HomeCocaïne4.6.3 Incidenten

4.6.3 Incidenten

In het kort: Bij de MDI werden incidenten met cocaïne in 2022 relatief minder vaak gemeld dan in voorgaande jaren. Bij de meeste patiënten die bij de MDI worden gezien, zorgt cocaïne voor lichamelijke opwinding (o.a. ontregelde hartslag, bloeddruk en ademhaling, en hartklachten). Cocaïne is de op één na meest gebruikte drug (na cannabis) bij verkeersslachtoffers op de SEH van LIS-ziekenhuizen. Ook bij het NVIC zijn er relatief veel informatieverzoeken voor cocaïne vergeleken met andere drugs.

Snel naar:

Sinds 2009 houdt de Monitor Drugsincidenten (MDI, zie bijlage B3) ​[1]​ actuele gegevens bij over de aard en omvang van acute drugsgerelateerde gezondheidsincidenten bij patiënten die worden behandeld op de spoedeisende eerste hulp (SEH) van een ziekenhuis, door de ambulance, door forensisch artsen of op de EHBO van een grootschalig evenement. De monitor is niet landelijk dekkend, maar rapporteert vanuit peilstationregio’s in Nederland (vier regio’s in 2009; acht sinds 2011). In 2022 droegen 18 diensten actief bij aan de registratie: drie ambulancediensten, zeven SEH-afdelingen en vijf afdelingen forensische geneeskunde. De gegevens worden aangevuld met die van het Letsel Informatie Systeem (LIS), waarin de behandelingen wegens intoxicaties of letsels na drugsgebruik op 14 SEH’s zijn opgenomen.
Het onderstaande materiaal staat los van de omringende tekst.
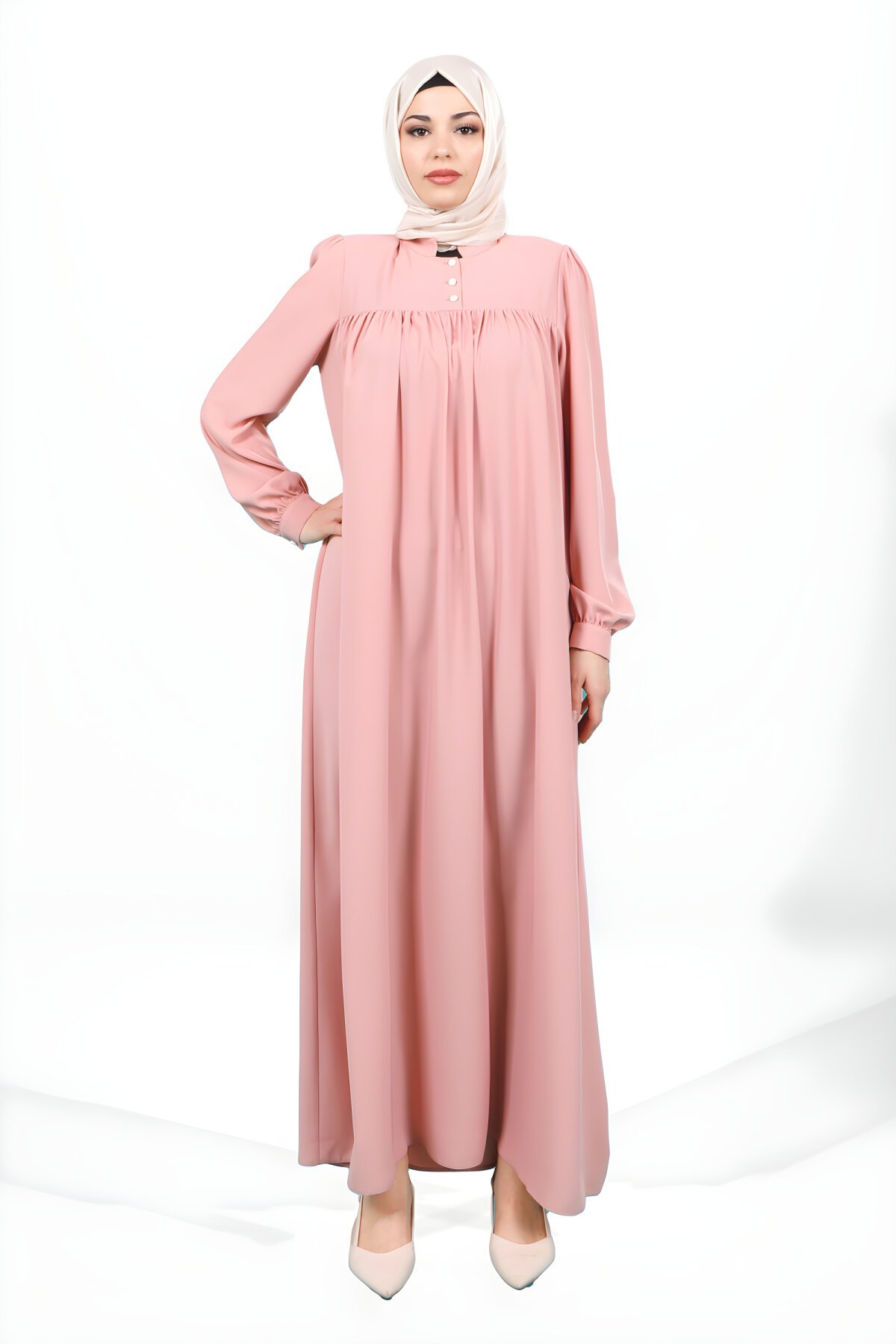 Beyza Pembe Robadan Kesim Düğmeli Manşetli Tesettür Elbise

In 2022 heeft VeiligheidNL onderzoek gedaan naar middelengebruik (alcohol, drugs en rijgevaarlijke medicijnen) onder verkeersslachtoffers in de periode 2012-2021 ​[2]​. Het Letsel Informatiesysteem (LIS) van VeiligheidNL, een registratie van SEH-bezoeken als gevolg van letsels, is als bron voor dit onderzoek gebruikt. Er zijn gegevens verzameld bij de SEH’s van 14 LIS-ziekenhuizen. Deze gegevens overlappen dus deels met de gegevens uit de Monitor Drugsincidenten. De gegevens kunnen worden gebruikt om trends te signaleren, maar zijn niet geschikt om landelijke schattingen te doen over het aantal incidenten. Daarnaast dient te worden benadrukt dat er op de SEH-afdeling niet altijd wordt gevraagd naar middelen- of medicijngebruik voorafgaand aan een ongeval. Echter, wanneer er overduidelijk sprake is van middelengebruik en/of wanneer dit relevant is voor de medische behandeling, wordt het middelengebruik wel geregistreerd. Gegevens over middelengebruik zoals in LIS geregistreerd dienen dus te worden geïnterpreteerd als een ondergrens van de daadwerkelijke problematiek. Daarnaast is uit deze gegevens niet af te leiden hoeveel verkeersslachtoffers er zijn als gevolg van een bestuurder die alcohol en/of drugs heeft gebruikt.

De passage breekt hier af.